In this way there will be another problem. If you want to run the github workflows, you need to let the unit test project downloads the new binaries. The binaries are put in release. However, we shouldn't publish a release without passing all the workflows. The only way I can come up with is to delete the release if the workflow fails.

martindevans commented 2 days ago

The binaries are put in release. However, we shouldn't publish a release without passing all the workflows. The only way I can come up with is to delete the release if the workflow fails.

I think if we published the releases ourselves we'd basically end up with two types of "release".

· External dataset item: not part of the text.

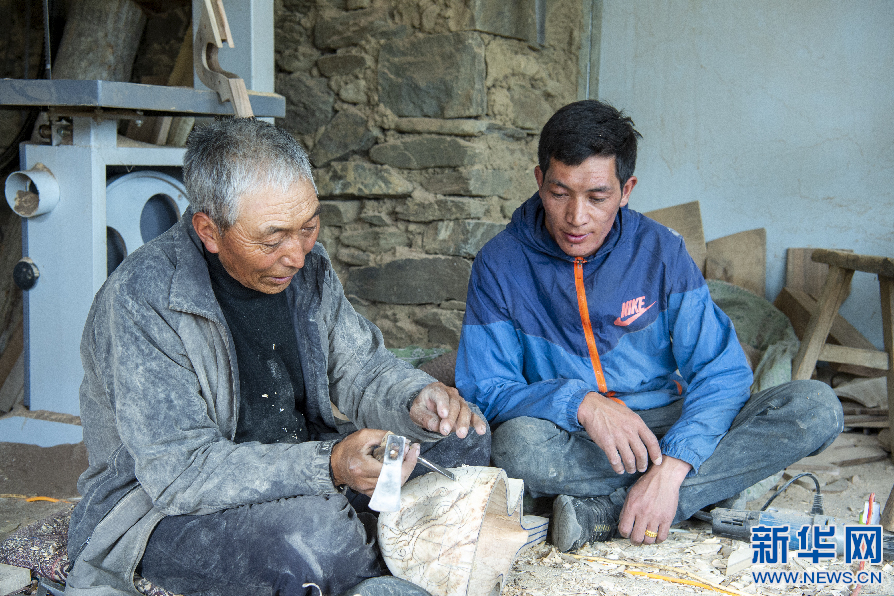 6月8日,娘嘎扎念琴制作技藝傳承人羅布次旦給兒子指導制作技藝。新華網(wǎng) 旦增努布 攝

  1. There would be the releases we currently have - actual releases with a change in version number, extensive release notes etc etc.
  2. Then there would also be these new "binary only" releases which are not really releases, they're just a way to store files for dev.

It's pretty messy :(

Splitting out the releases to another repo (which exists just for binary releases) might be a way to work around that, but it's a bit of a pain to have multiple repos.

I'm going to go and open an issue on the llama.cpp repo asking about shared objects in their releases. That way we would be able to skip the entire build step, our binaries would be the "official" ones, and we wouldn't have to mess around with any binary-only-releases.

That'll probably be slower than anything we do ourselves here, but it seems like the best overall solution.

martindevans commented 2 days ago

Ok I changed my mind, I was typing up the feature request and it would be a colossal increase in the number of binaries they would need to compile for every release. I don't think there's any chance they would do it!

martindevans commented 2 days ago

I've created a new release in this repo, just to test what it would look like. It's here: If we decide to go ahead with investigating this approach I'll attach some binaries to it.

If we went with a "binary only" release in this repo, we would do this: 1) Run a GitHub action to generate new binaries 2) Make a release with this binaries, it's not marked as the latest release so the front page still points to 0.13.0 3) Make necessary code changes to support new binaries, change LlamaCppReleaseTag in csproj to point to the release we just created 4) Open PR, test on all platforms. Anyone opening this version will automatically download the binaries. 5) Merge it. Anyone opening the project on master will auto download the new binaries. 6) Make nuget packages, as normal. Publish a new "proper" release with release notes etc.

m0nsky commented 2 days ago

Hmm, what about compressing the deps (at the end of the build action in compile.yml) and extracting when building the project? CUDA12 in the llama.cpp repo is ~95MB. I just did a quick test here and the compressed CUDA12 dep archive (containing llama.dll + ggml.dll) resulted in 91MB.

martindevans commented 2 days ago

The limit is 100MB and according to an issue in the llama.cpp repo discussing the size these binaries are going to grow (support for new GPUs, new kernels etc). Given how close we already are to the limit when zipped that'd be a temporary solution. It is the probably the easiest option though.

m0nsky commented 1 day ago

Yes, indeed. I don't know how much/fast the binaries on the llama.cpp side will grow, but it sounds like a matter of time until we run into the same issue. If the transition to the LLamaSharp-Binaries workflow goes smooth, a temporary solution could probably be skipped entirely.

I think it's cleaner to split the binaries to LLamaSharp-Binaries, to avoid confusion in the LLamaSharp releases section.

So, when doing a binary update:

martindevans commented 6 minutes ago

Created a repo here for development:

I'll put together a prototype downloading binaries from here, and will transfer ownership to SciSharp if we go ahead with this approach.